Mecaz

Mecaz: Bir kelimeyi başka anlamlara gelecek biçimde kullanma, metafor

Mecaz, Anlam Arayışı’nda geldiğim bir durak.

Anlam Arayışı’nın dilsel tarafını belirten bir mecaz.

“Antatılabilenden başka bir anlam yok” anlamına gelen bu yazımın adı.

Hayatın anlamı, daha da önemlisi, anlamın anlamı.

Mecaz anlamda söylüyorum: ben bir mecazım. Daha havalı şekliyle bir “metafor.” Hayatımı bir şeylere benzetmeye çalışıyorum. Ancak hayatın anlamını bilmediğimden, ya da bilip de buna göre davranmadığımdan, mecazi olduğumu söyleyebilirim. Başkaca bir anlamım. Herkes gibi, farklı bir yüzünden sorumluyum hayatın. Ancak kesin bir anlama sahip değilim. Bir anlam var ve bu anlamın anlamıdır. Türetilmiş bir anlam, ancak öncülü de türetilmişti. Hiçbir şey “ham” ya da işlenmemiş değildi.

Hayatın anlamının hayatın ben tarafı olduğunu söyleyeli bir yıl geçti. “Ben neden varsam hayat da o yüzden var” demiştim. Bir bütünün parçası ve parçaların da bütünü olan bizler, bunu doğal olarak bilmekteydik. Her şeyin varlığın farklı bir tarafı olduğunu ve zamanı geldiğinde üzerine düşeni yaptığı biliyor olmalıydık. Yoksa anlamsızlığa karşı sukunetimiz anlaşılamazdı. Bir kısmımızın anlam da anlam diye tutturması ise basit bir insan hatasıydı. Yalnız, insan da bir hataydı.
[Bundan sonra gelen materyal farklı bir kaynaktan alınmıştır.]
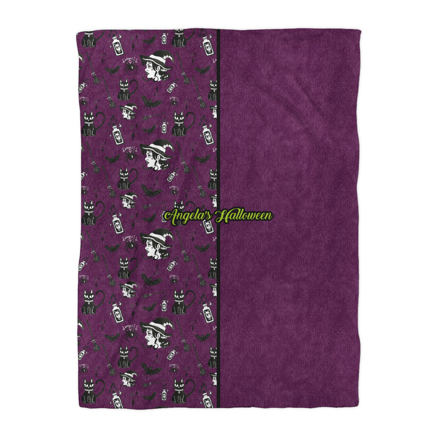 This fun design has a dark violet velvet looking (not real velvet - digital) background. On top of the digital velvet is a pattern full of beautiful illustrations of witches, potions, black cats, bats, and more. The main design is split in two with this background on one side and a plain violet digital velvet on the other. Your personalization is placed in the bottom right corner to give a lovely asymmetrical look. The coordinating design has a gorgeous large illustration of a witch with a little saying above and below her that says "I'll put a spell on you."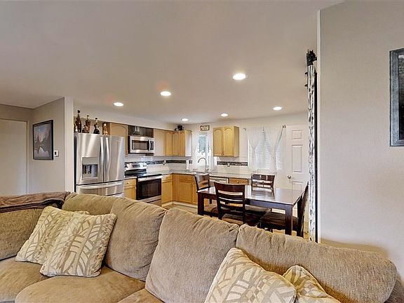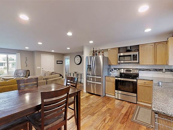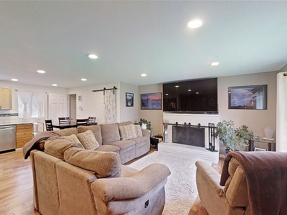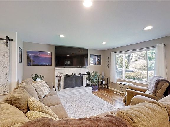 Beautifully updated rancher a Master suite on Main level featuring a huge walk in shower. Main floor also includes large 2nd bedroom. Gorgeous counters with engineered wood flooring throughout. Basement is mostly finished and features a RI 3rd bedroom, 2 egress windows and a large storage area with still enough room for your recreation or family living. Two drive ways; Rv parking, 2car garage features a large workshop, a wood stove, and automatic garage doors for both doors. Security cameras stay with home.

Hata da bir benzetmeydi. Bir mecazdı. Bir kesinliği ya da dayanağı yoktu. Hiçbir şey kesin değildi. Her şey, kesinlik gibi, bir varsayımdı. Evrenin kendisi de, başladığı güne borcunu ödeyecek ve yok olacaktı. Bu aradaki boşlukta varsayımlarımız ile parçadan bütüne doğru belirsizleşen bir oyun oynamaktaydık. Ve oyunun kuralları uzlaştığımız kadar gerçekti. Doğru değil, doğru kabul ettiklerimiz vardı. Doğru “bizim olan”dı. Kısacası  en soylu gerçek, en çok ortağa sahip olandı.
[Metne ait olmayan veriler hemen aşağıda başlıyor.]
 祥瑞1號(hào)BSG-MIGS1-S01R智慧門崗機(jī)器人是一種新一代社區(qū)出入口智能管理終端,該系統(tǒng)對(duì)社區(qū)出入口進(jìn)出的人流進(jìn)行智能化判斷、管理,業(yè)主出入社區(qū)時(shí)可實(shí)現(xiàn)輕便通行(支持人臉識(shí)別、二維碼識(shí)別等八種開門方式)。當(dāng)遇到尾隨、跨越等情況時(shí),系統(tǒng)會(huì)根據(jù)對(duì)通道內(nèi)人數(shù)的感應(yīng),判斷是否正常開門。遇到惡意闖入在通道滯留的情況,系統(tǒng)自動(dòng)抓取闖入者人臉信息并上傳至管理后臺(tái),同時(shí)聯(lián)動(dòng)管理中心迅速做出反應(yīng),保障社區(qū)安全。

Anlam bize ait ve her şey bize bağlı. Ancak “biz” dediğim insan değil, her şeydir. Bireysel sorumluluğumuzdaki konulardan evrenin ötesine kadar azalan bir belirleyiciliğimiz vardır. Kendi hayatımız üzerinde karar vermemiz gibi, parçası olduğumuz evrensel bütünün de karar vericisiydik, ancak diğer tüm üyeleri ile.

Böyle şeyler söyleyip duruyorum. Yazdıklarım bir şeyi çözmek veya kesinliğe ulaşmak amacında değildir. Zaten böyle bir şey yok. Benim size verebileceğim bir şey yok. Her şey ortaklıktan gelir. Bir sözcüğün anlamı unutulmuşsa sözcük anlamlı olmaya devam eder mi? Bir anlamı tek başımıza bilebilir miyiz? Peki birbirine zıt kavramları değiş tokuş yaparsak, ve bir kişinin bundan haberi olmazsa, onunki mi doğru olur yoksa bizimki mi? Tabi ki ortağı çok olan, hayatın tuttuğu seçenek anlamlı olmaya devam edecektir.
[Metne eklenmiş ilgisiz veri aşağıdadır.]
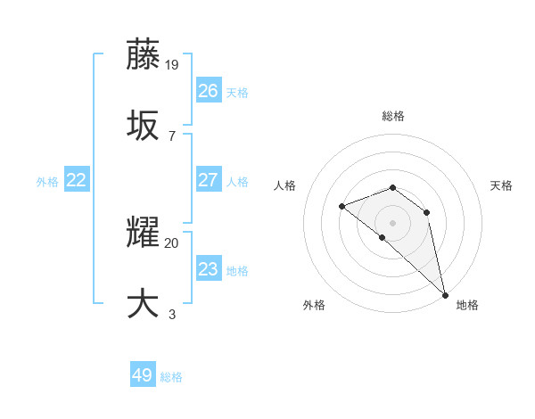 藤坂 耀大さんの総格は49画の2点!

mecazHayatın, yani hepimizin, bizi oluşturan ve bizim oluşturduğumuz parçanın neyi seçeceği de merak konusudur. Hayat hangi yolu seçer? ya da başka bir ifade ile: hayatın anlamı nedir? evrenin amacı nedir? Bu soruların hepsi parçası olduğumuz mekanizmanın amacını sorgular. Ancak amaç bizim dışımızda değildir. Amaç hiçbir şeyin dışında değildir. Hiçbir varlığı dışarıda bırakmaz ve bir parça ile sınırlı kalmaz.

Kısacası, hayat, yani bütün, anlamı belirsiz ve kesin olmayandır. Bir ortaklık olduğundan, tek bir anlama sahip olamaz. Hepimizi içeren bir formül dahi, şahsın amaçlarının değişkenliği nedeniyle değişmeye mahkumdur. Kesin bir anlam arayan kişi şu soruyu sormalıdır: Her an her şeyin yaptığı neyse, hayat da odur. Her şey, her an ne yapmaktadır?